Cystic fibrosis (CF) is an inherited, chronic, progressive disease. It is estimated to affect approximately 160,000 people worldwide. According to the National CF Registry (Renafq), in South America, more than 10,000 patients have been diagnosed and in Argentina, approximately 1,500 patients are currently being followed.
CF alters the normal function of the exocrine glands (sweat, pancreatic enzymes, respiratory secretions, etc.) and causes damage to different organs of the body (such as the respiratory system, pancreas, liver, and reproductive system).
In the respiratory system, nearly all CF patients develop thick, viscous secretions that lead to mucus plugging that eventually blocks the bronchi and alters the breathing mechanism. More than 80% of patients affected the digestive system, suffering from pancreatic insufficiency, which prevents the proper absorption of food.
Sweat glands are also affected, very high levels of sodium and chlorine (salt), which makes their sweat saltier than usual, but on the other hand, it allows us to make a diagnosis, measuring the amount of chlorine and sodium in the body through sweating Sweat was significantly higher in CF patients.
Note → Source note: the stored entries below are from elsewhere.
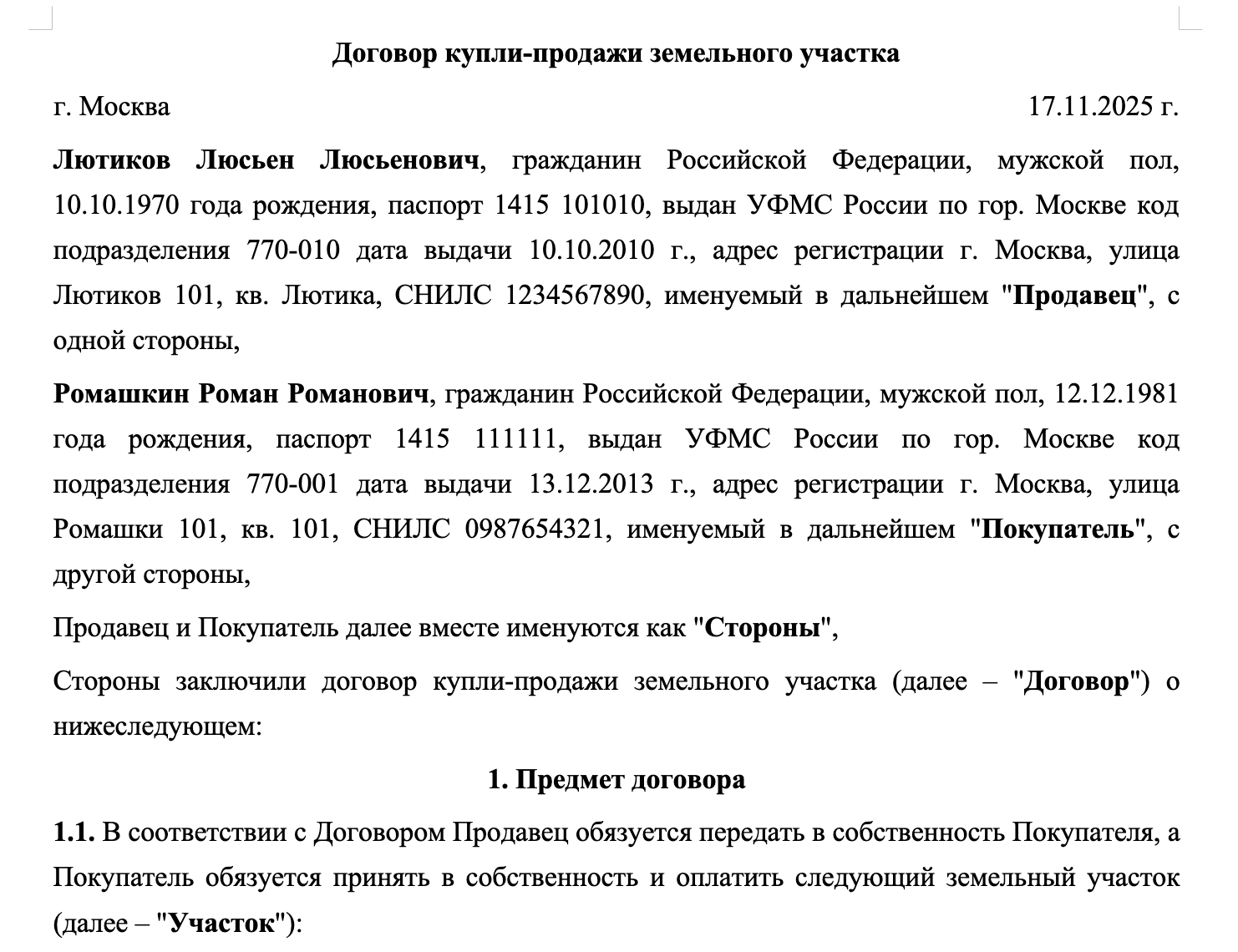 1.1. В соответствии с Договором Продавец обязуется передать в собственность Покупателя, а Покупатель обязуется принять в собственность и оплатить укажите размер долиdkp_kv3333 доли (далее – "Участок") следующего земельного участка: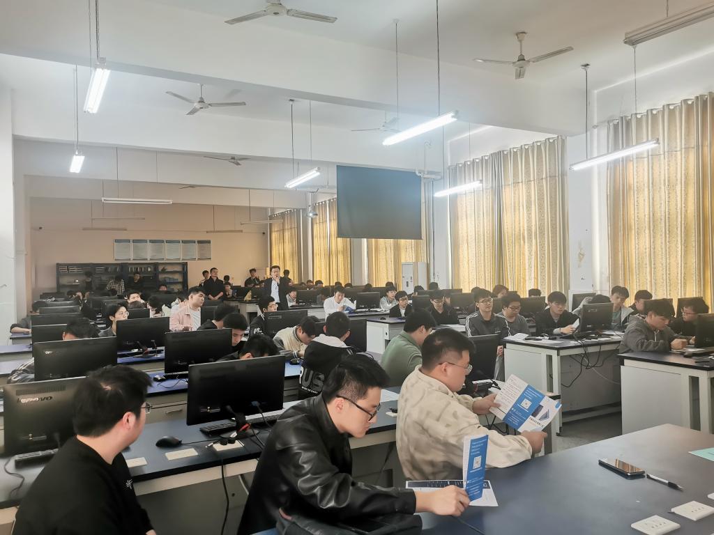在招聘会正式开始前,叶万海与该企业员工余红光亲切交谈,面对面推介毕业班同学。在宣讲时,余红光介绍了公司发展历程、经营范围、主营产品、主要客户、招聘职位、薪资福利等情况,并就个人发展、食宿条件等同学们关心的问题进行了解答。宣讲会结束后,有50余名同学现场投递简历,经过一对一面试,有9名同学达成了签约意向。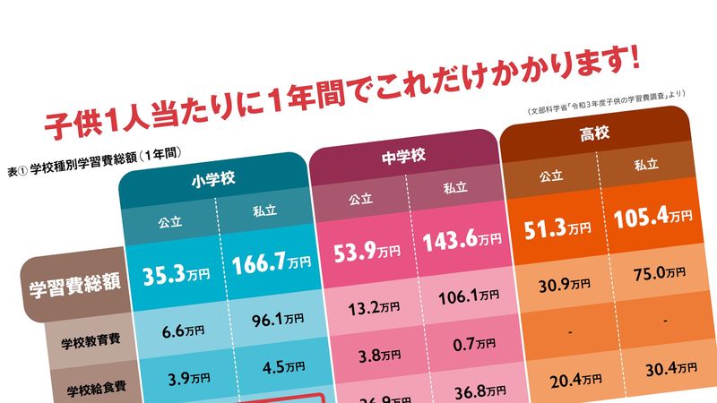文部科学省が公表している「令和3年度子供の学習費調査」からわかったのは、小学校から大学まで、すべて公立の学校だったとしても、16年間で1000万円を超える、ということだ。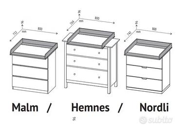 Polini bambini fasciatoio per comò Hemnes IKEA in bianco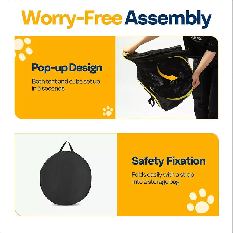 Outdoor Cat Enclosures 2-in-1, Portable Catio w/Cat Tent, Circle Playpen Tunnel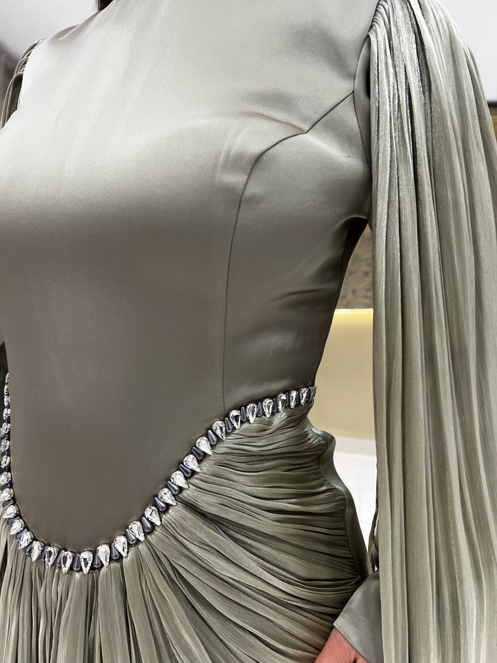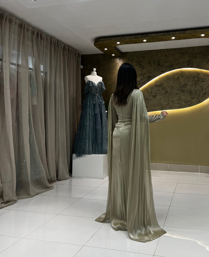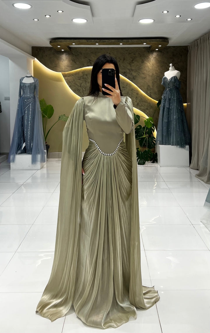 This modest dress features a delicate cape that softly drapes over the sleeves. The gemstone bead detail on the waist adds a touch of glamour to this timeless piece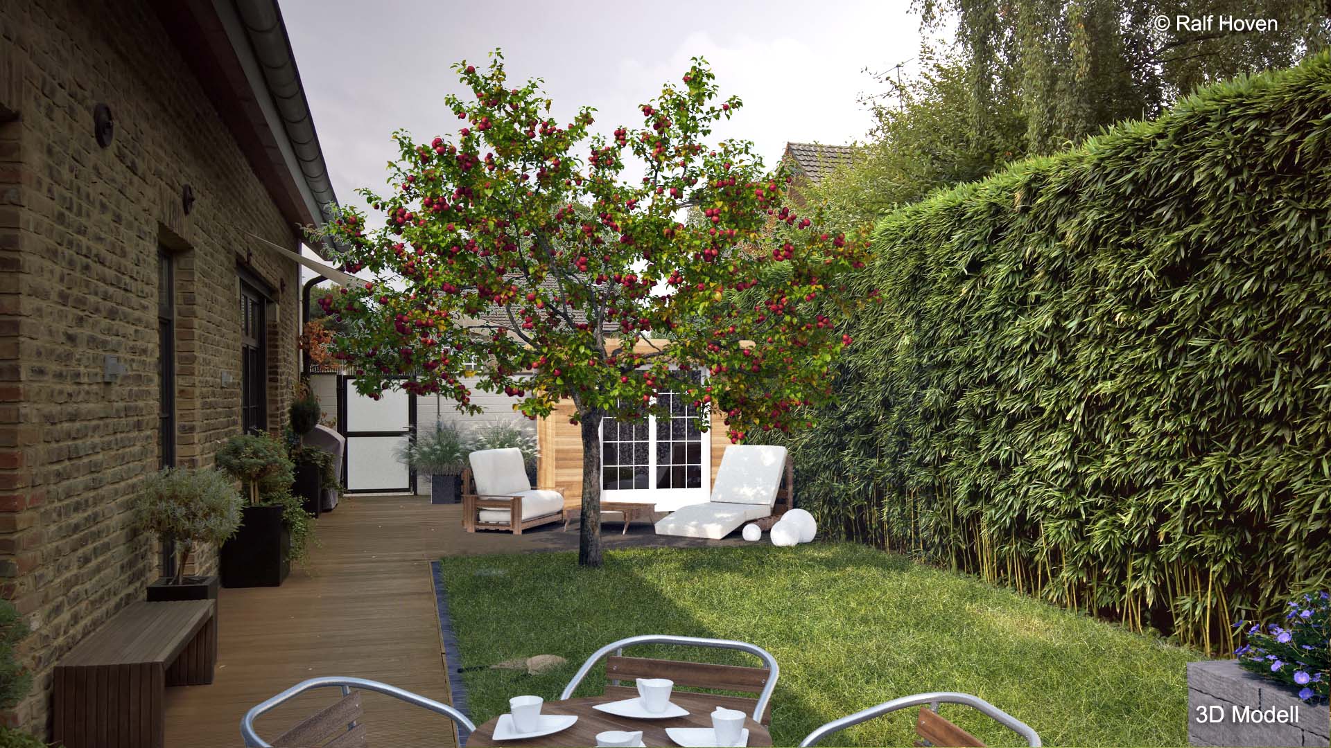 mit seiner tollen Blüte und den Früchten. Auf der anderen Seite des haben wir eine kleine Terrasse ergänzt, die zu kurzen Verschnaufpausen und entspannten Momenten im

CF is present before birth. It is an inherited disease and you cannot get CF or pass it on to other people. It is not an infectious disease. Nor does it affect intelligence, on the contrary, children with CF tend to be very bright, highly creative, and devoted to intellectual work; many of them will achieve extraordinary goals.
Detection and diagnosis
by newborn study
Like other diseases, it’s done by testing a drop of blood drawn from a newborn’s heel to detect high levels of a substance called trypsin in the blood of people with CF. This method is called TIR and is included in the research program in our country’s Law No. 24438 (passed in 1994).
A timely and adequate diagnosis of CF is critical to avoid unnecessary testing, provide adequate treatment, genetic counseling, and ensure access to specialized services.
Diagnosis is based on clinical criteria and laboratory studies.
CF should be suspected when:
l Chronic sinus pulmonary disease.
l Gastrointestinal or nutritional abnormalities.
l Salt loss syndrome.
l Azoospermia, or siblings with CF or positive newborn screening.
Pathology is confirmed by:
l At least 2 positive sweat test results, or the presence of 2 Cftr mutations that cause CF.
l Demonstration of abnormal nasal transepithelial potential differences.
symptom
l Salty sweat – Difficulty gaining weight – Growth retardation
l Large amounts of stool – steatorrhea (feces)
l Chronic cough – Respiratory tract infection – Nasal polyps – Infertility
l clubbing – diabetic cirrhosis
treat
l Prevention and treatment of respiratory diseases.
l Prevention and treatment of nutritional deficiencies.
l Prevention and treatment of other manifestations or complications.
mental health care.
The basic goal of treatment is to prevent or control the progression of respiratory disease in order to avoid or reduce irreversible damage, which is the main prognostic marker.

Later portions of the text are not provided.